I am possibly going to upgrade my bow this year. I was wondering if anybody has shot this bow yet? I need to find the time to go shoot about 6 different bows (obviously I know you need to do that before buying), but was just curious if there are any reviews from you guys first.

Another question, would you scrafice a little noise and vibration for 348fps? To me a fast bow would be a little more useful than a quieter one. What do you think? If you get time, check out their website.

Thanks
Adam


----------



## Curt Wells (Jan 13, 2003)

Adam,

I have not spent a lot of time shooting the X-Force yet but it isn't as noisy and doesn't kick as much as one would expect. It is, however, very fast. About twenty fps faster than most of the top line bows. It does have a six-inch brace height so that makes your grip and shooting form very critical. There's always a price to pay for speed. From what I've read it is getting very good reviews considering it's a speed burner. It's definitely worth a look.


----------



## AdamFisk (Jan 30, 2005)

I went and shot this bow at the Outdoorsman today. I was not too impressed with it. It was quick, defenitely a fast bow, but it just didn't feel all that great. I thought it was loud as well. But I was shooting it in a pretty small room at a target about 5 yards away. Another thing, every time I shot it the string would snap against my forearm. Is that the bow, or something I am doing wrong?

Went to Scheels and shot the Gaurdian, Vulcan, and Drenaline later on. I liked the Drenaline the best. I still don't know what to go with. Any other suggestions???

Thanks
Adam


----------



## Curt Wells (Jan 13, 2003)

The short brace height of six inches is why the string was hitting your arm. A short brace height is the price you pay for a longer power stroke and more arrow speed. It also means the arrow is on the string and rest for a longer period of time and that makes your grip and form that much more critical.

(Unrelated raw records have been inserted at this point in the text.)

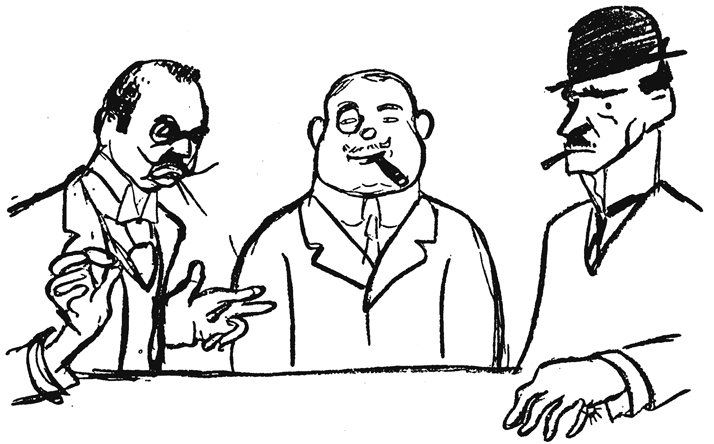 Der Stammtisch bestand aus folgenden Mitgliedern, die gleichzeitig die Teilhaber der neuen Gesellschaft mit beschränkter Haftung wurden: Als geistiges Oberhaupt Fritz Krohn, zu dem sie alle großes Vertrauen hatten, denn es ging von ihm die Sage durch das Kaffeehaus, daß jeder Mensch, der fünf Minuten lang mit ihm spräche, gezwungen wäre, seine Unterschrift auf einen Inseratenschein zu setzen. Ferner war da der Maler Neudorf, der die künstlerische Ausgestaltung des neuen Blattes übernehmen sollte. Ferner war da Robert Batzke, ein junger Mann mit schwarzem Haar, einer in die Stirn fallenden Locke und einem bunten Oberhemd, das vorsichtigerweise in einem ganz tiefen Dunkelblau gehalten war, so daß man nicht genau feststellen konnte, ob er es erst heute frisch angezogen hatte. Robert Batzke war zwar erst neunzehn Jahre alt, blickte aber bereits auf eine reiche journalistische Tätigkeit zurück, die im Abfassen von Lokalnotizen und Unglücksfällen reichliche Nahrung gefunden hatte. Ferner war am Stammtisch Herr Paul Gustav Weber, Besitzer eines Automobils, Lebemann und Freund einer sehr schönen Frau. Das Automobil hatte er auf Wechsel gekauft und die zweite Rate bereits prolongieren lassen. Die schöne Frau war zwar nicht auf gleiche Weise in seinen Besitz geraten, aber Herr Weber duldete es großmütig, daß seine Freundin über einige Tage der Woche anderweitig verfügte, wegen seines Automobils und wegen seines doppelten Vornamens ernannte Fritz Krohn Herrn Paul Gustav Weber zum Verleger des neuen Blattes. Ferner war am Stammtisch Herr Franz von Söröny, oder wie er sich lieber nannte Söröny Ferencz aus Budapest, Magyar Baczi. Herr von Söröny war sehr tipptopp, trug ganz enge Ärmel und stets Lackstiefel. Er spuckte beim Sprechen und hatte alle zwei Minuten einen neuen genialen Gedanken. Trotz dieses Überflusses an Genialität gelang es ihm selten, die dreißig Pfennige für seine Schale Haut aufzubringen, und er erlaubte daher seinem Freund Paul Gustav Weber die Zeche zu bezahlen, wofür er sich bei ihm revanchierte, indem er sich mit ihm öffentlich in seinem Automobil zeigte. Herr Baron von Söröny wies nämlich öfters auf seinen uralten Adel hin und beschränkte sich darauf von diesem Verdienst vorläufig zu leben. Fritz Krohn hatte Söröny dazu bestimmt, die repräsentative Stellung des neuen Verlages zu übernehmen.
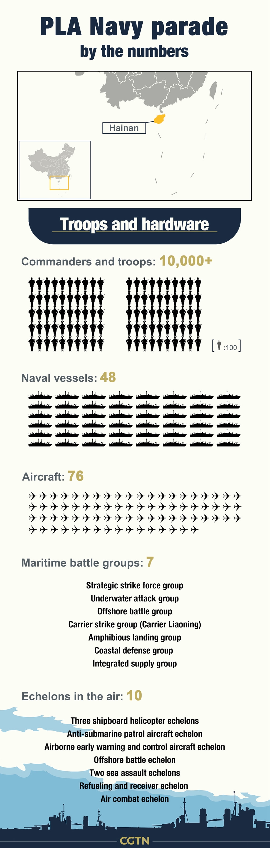 Seven maritime battle groups and 10 air combat formations, which consist of 48 naval vessels, 76 aircraft and more than 10 thousand PLA troops, were showcased during the review. Each and every one of them represents a point of strength in the PLA Navy.
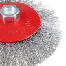 Металлическая щетка для УШМ ЕРМАК «Тарелка» 125мм / М14 с щетиной из стальной проволоки быстро и эффективно удаляет ржавчину с поверхностей, следы старой краски, загрязнения, заусенцы на деталях и заготовках. Дисковая форма идеально подходит для обработки пазов, углов, ниш. Гофрированный ворс долго сохраняет форму, не деформируется. Применяется на УШМ с максимальной производительностью до 125000 об./мин.

On another point, I set up a Drenalin, a Vectrix and a Guardian with drop-away arrow rests, string loops, peeps and string silencers. All were set at exactly 68 lbs. at 30" draw. I shot the same arrow through a chronograph with all three bows, three arrows each. Top to bottom there was only 3 fps difference. So, I wouldn't consider arrow speed as an indicator of which of those three bows to buy. Choose the one that feels the best in your hand and at the shot. Good luck


----------



## AdamFisk (Jan 30, 2005)

Curt, thanks for the info.

Adam


----------